29 Nov
Major veterinary group, which funded the analysis, has now outlined plans for a new project that it hopes will ultimately make practices safer.
A vet and academic has warned of a “drastic need” for reform to the sector’s attitude towards workplace injuries amid fears some harms are being downplayed as “everyday norms”.
A newly published study has urged practice leaders to be highly cautious about their own injury statistics because of a “wide-ranging perception of risk” around the issue.

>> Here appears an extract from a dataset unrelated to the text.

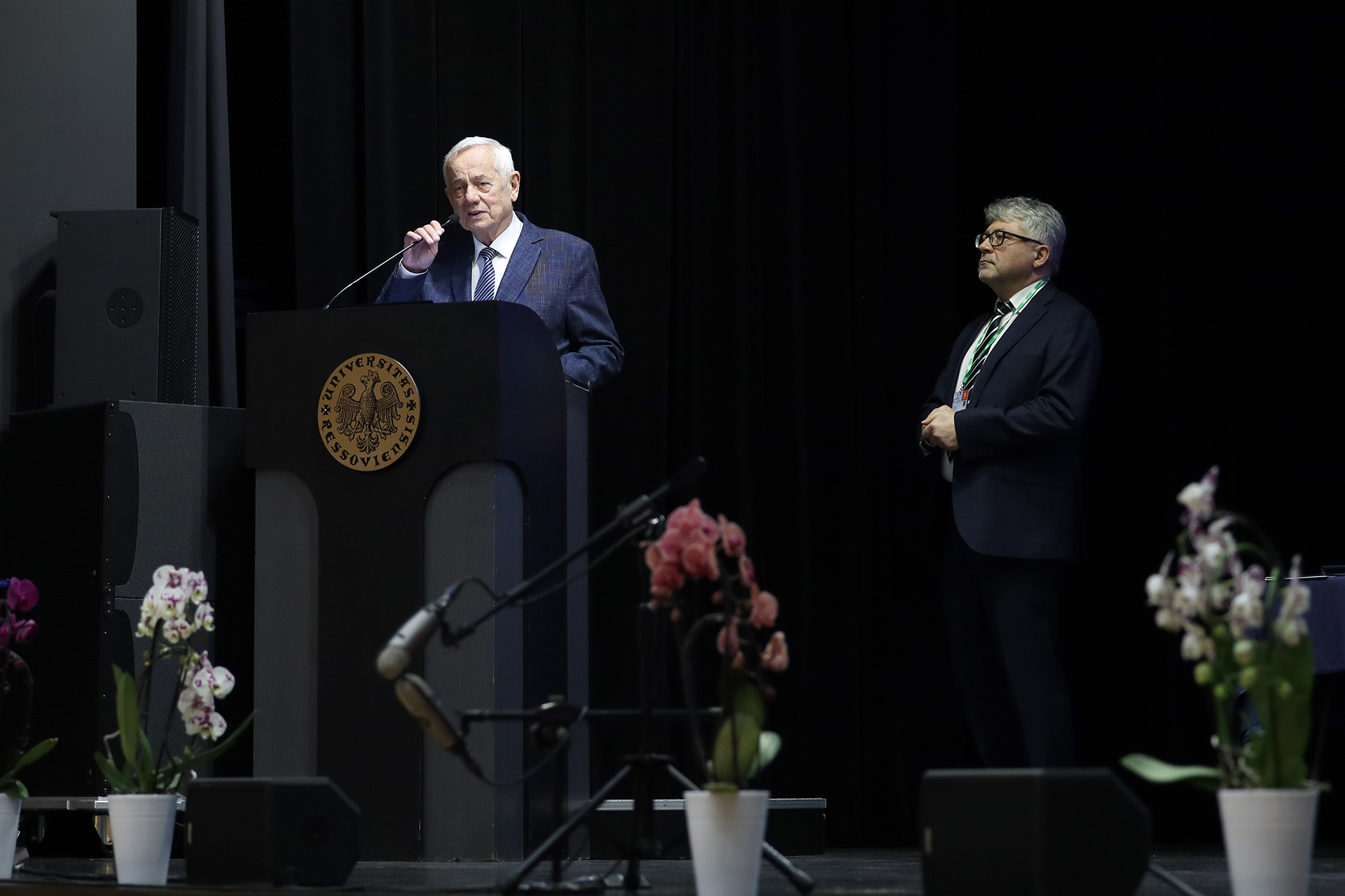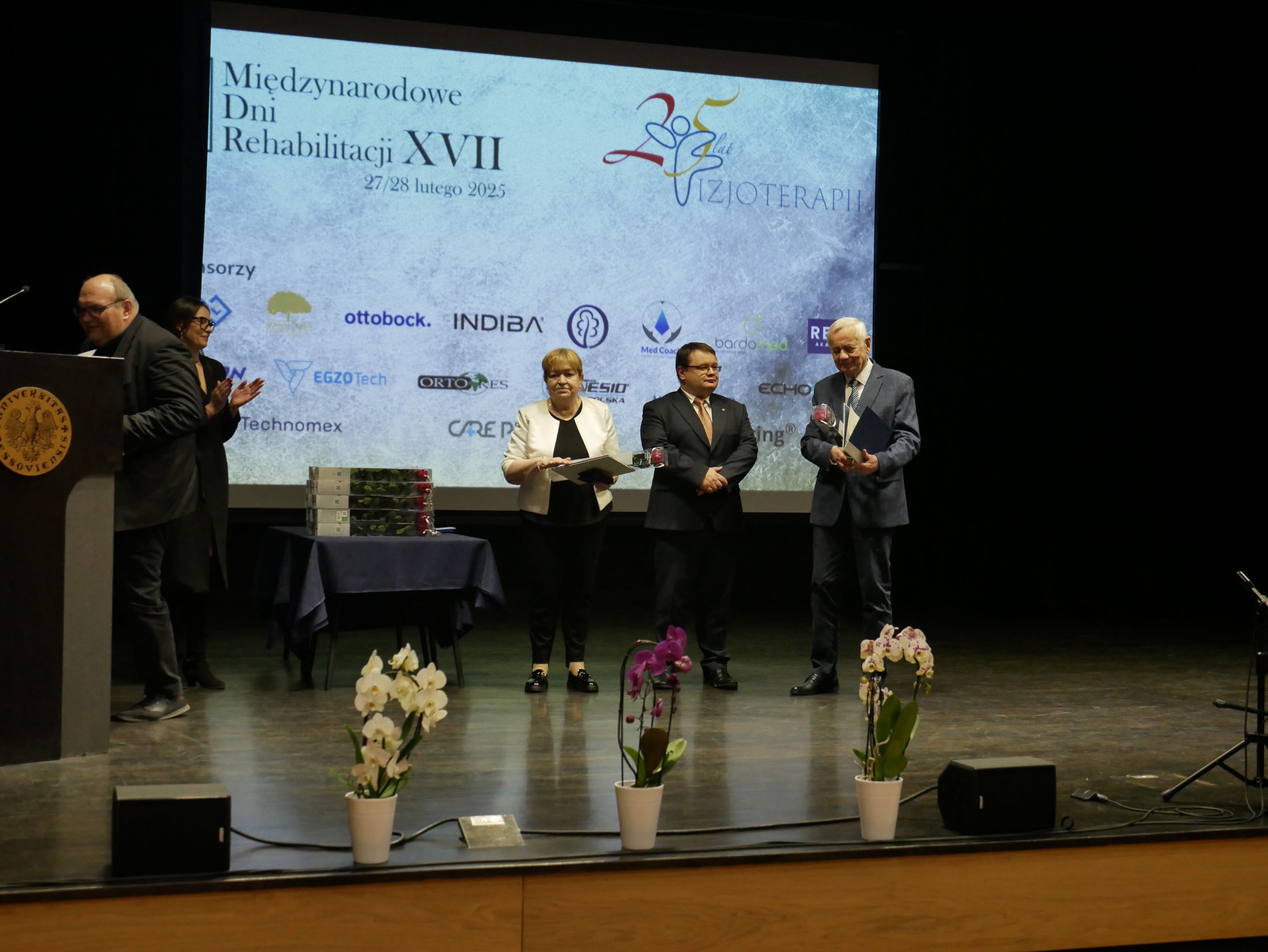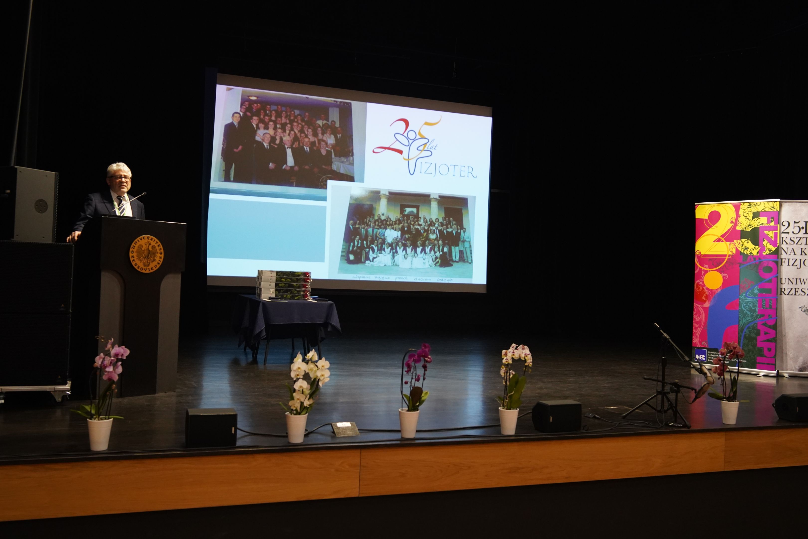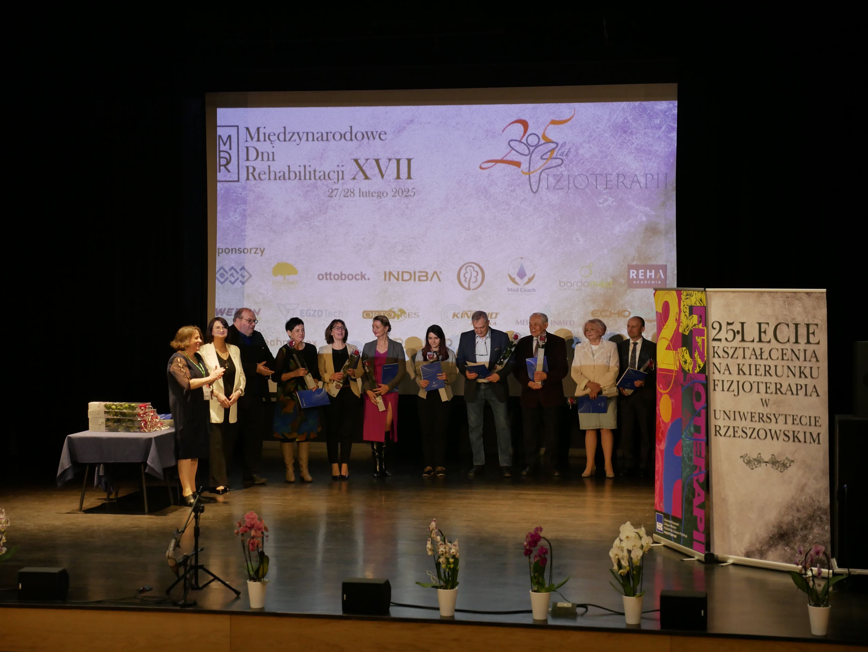 Tegorocznej Konferencji towarzyszyły obchody Jubileuszu 25-lecia kształcenia na kierunku Fizjoterapia. W uroczystości uczestniczyli m.in.: Jego Magnificencja Rektor Uniwersytetu Rzeszowskiego prof. dr hab. n. med. Adam Reich, Prorektor ds. Collegium Medicum prof. dr hab. n. med. Artur Mazur, Prorektor ds. Współpracy z Otoczeniem Społeczno-Gospodarczym prof. dr hab. Janusz Pasterski, Prorektor ds. Nauki i Współpracy Międzynarodowej prof. dr hab. Jolanta Szempruch, Jego Magnificencja Rektor Akademii Wychowania Fizycznego w Warszawie prof. dr hab. Bartosz Molik, Prorektor Warszawskiej Uczelni Medycznej im. T. Koźluka w Warszawie prof. Agnieszka Jasińska, Dziekani, Prodziekani Wydziałów Uniwersytetu Rzeszowskiego, Kanclerz Uczelni, Z-ca Dyrektora Wydziału Polityki Społecznej Podkarpackiego Urzędu Wojewódzkiego Pani Maria Gnap, Rzecznik Osób z Niepełnosprawnościami Wydziału Polityki Społecznej Urzędu Miasta Rzeszowa Pani Agnieszka Kaczmarczyk, Dyrektor Podkarpackiego Oddziału Narodowego Funduszu Zdrowia Pani Teresa Gwizdak oraz Rzecznik Podkarpackiego Oddziału Narodowego Funduszu Zdrowia Pan Rafał Śliż, Pani Anna Świercz z Zakładu Ubezpieczeń Społecznych, Konsultant Krajowy w dziedzinie fizjoterapii prof. dr hab. n. med. Jan Szczegielniak, Konsultant Wojewódzki w dziedzinie fizjoterapii dr n. o kult. fiz. Pana Wojciech Rusek, Konsultant Wojewódzka w dziedzinie rehabilitacji medycznej dr n. med. Ewa Lenart-Domka, Przewodnicząca Oddziału Rzeszowskiego Polskiego Towarzystwa Rehabilitacji dr n. o zdr. Olga Wolińska, Przewodniczący Podkarpackiego Oddziału Polskiego Towarzystwa Fizjoterapii dr Sławomir Jandziś, v-ce Prezes Stowarzyszenia Fizjoterapia Polska Pan Paweł Adamkiewicz. W czasie Jubileuszu przedstawiona została historia powstania kierunku oraz uhonorowano Medalem Uniwersytetu Rzeszowskiego twórców kierunku – dr hab. n o zdr. Teresę Pop, prof. UR oraz prof. dr hab. n. med. Andrzeja Kwolka. Podziękowania otrzymały również osoby, które od 25 lat angażują się pracę dydaktyczną, naukową i organizacyjną na rzecz kierunku Fizjoterapia. Uroczystość uświetnił występ Zespołu Pieśni i Tańca Uniwersytetu Rzeszowskiego „Resovia Saltans”.

A major veterinary group, which funded the analysis, has now outlined plans for a new project that it hopes will ultimately make practices safer.
But research leader John Tulloch, a veterinary public health lecturer at the University of Liverpool, described the findings of the latest paper, published in the journal Occupational Medicine, as both “startling and complex”.
He added: “They highlight a profession in drastic need of change in culture and personal attitudes, with respect to injury prevention and mitigation.”
The warning is based on a survey that ran from December 2022 until March last year, in which 740 participants submitted complete responses across a range of practice roles.
Although overall 38% said there were no injuries they would not report to an employer, the figures for specific role groups ranged from just 19% among both equine and production animal vets to 64% for workers in administrative roles.
However, more than one-quarter of all vets (26%), compared to 18% of all participants, said they would not report injuries they considered to be minor – a figure that rose to 31% among production animal vets and 43% for equine clinicians.
The researchers said the results showed veterinary work-related injury was a “complex and nuanced concept” based on varying cultures of risk and injury expectation within different areas of practice work.
They particularly highlighted a tendency for needlestick injuries to go unreported because they were perceived as minor, self-attributed and not a cause of lasting pain as “concerning”.
The paper added: “Fostering a work culture that supports ‘ownership’ of an injury at a local level is most likely to be successful in creating meaningful change in attitude and behaviour.”
The research was funded through a grant of nearly £75,000 from the CVS Group’s Clinical Research Awards programme, with the survey distributed to UK staff.
The group plans to use the results to develop a range of educational tools, which it expects to be ready by next summer, intended to help facilitate behavioural change through an increased focus on injury awareness and prevention.
Current RCVS day one competences include a requirement for vets to know both their own and their employer’s responsibilities in areas including health and safety legislation.
The BVA’s policy position on good veterinary workplaces also encourages practices to “promote a culture of active engagement with health and safety matters, support good practice and challenge unsafe practices”.
But despite those requirements and initiatives, Dr Tulloch said injuries in veterinary practice were “often avoidable”.
CVS clinical research director Imogen Schofield added: “Using these findings, we will be able to develop and strengthen injury prevention measures through safety policy, education, and training.
“We anticipate that this project will result in safer workplaces within the wider veterinary community and, indirectly, in improved animal treatment through a fitter, healthier and safer profession.”